Mwres maintained an appearance of resigned calm. “You may well ask,” he said. “He is” — and his voice sank with shame — “a mere attendant upon the stage on which the flying-machines from Paris alight. He has — as they say in the romances — good looks. He is quite young and very eccentric. Affects the antique — he can read and write! So can she. And instead of communicating by telephone, like sensible people, they write and deliver — what is it?”
“Notes?”
“No — not notes…. Ah — poems.”
The hypnotist raised his eyebrows. “How did she meet him?”
“Tripped coming down from the flying-machine from Paris — and fell into his arms. The mischief was done in a moment!”
“Yes?”
“Well — that’s all. Things must be stopped. That is what I want to consult you about. What must be done? What can be done? Of course I’m not a hypnotist; my knowledge is limited. But you — ?”
“Hypnotism is not magic,” said the man in green, putting both arms on the table.

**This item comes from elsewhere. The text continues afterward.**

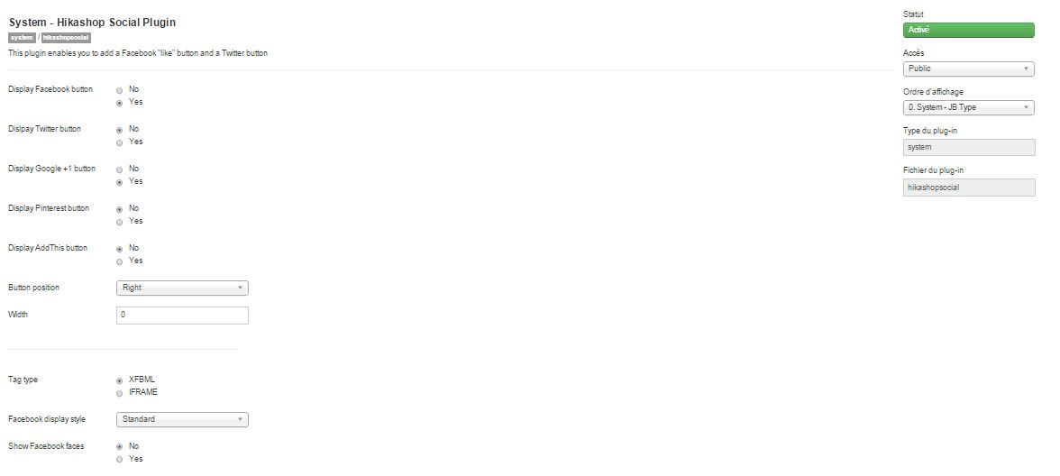 It could be also useful to have more details about the HikaShop social plugin configuration.

“Oh, precisely! But still — !”
“People cannot be hypnotised without their consent. If she is able to stand out against marrying Bindon, she will probably stand out against being hypnotised. But if once she can be hypnotised — even by somebody else — the thing is done.”
“You can — ?”
“Oh, certainly! Once we get her amenable, then we can suggest that she must marry Bindon — that that is her fate; or that the young man is repulsive, and that when she sees him she will be giddy and faint, or any little thing of that sort. Or if we can get her into a sufficiently profound trance we can suggest that she should forget him altogether — ”
“Precisely.”
“But the problem is to get her hypnotised. Of course no sort of proposal or suggestion must come from you — because no doubt she already distrusts you in the matter.”
The hypnotist leant his head upon his arm and thought.
“It’s hard a man cannot dispose of his own daughter,” said Mwres irrelevantly.
“You must give me the name and address of the young lady,” said the hypnotist, “and any information bearing upon the matter. And, by the bye, is there any money in the affair?”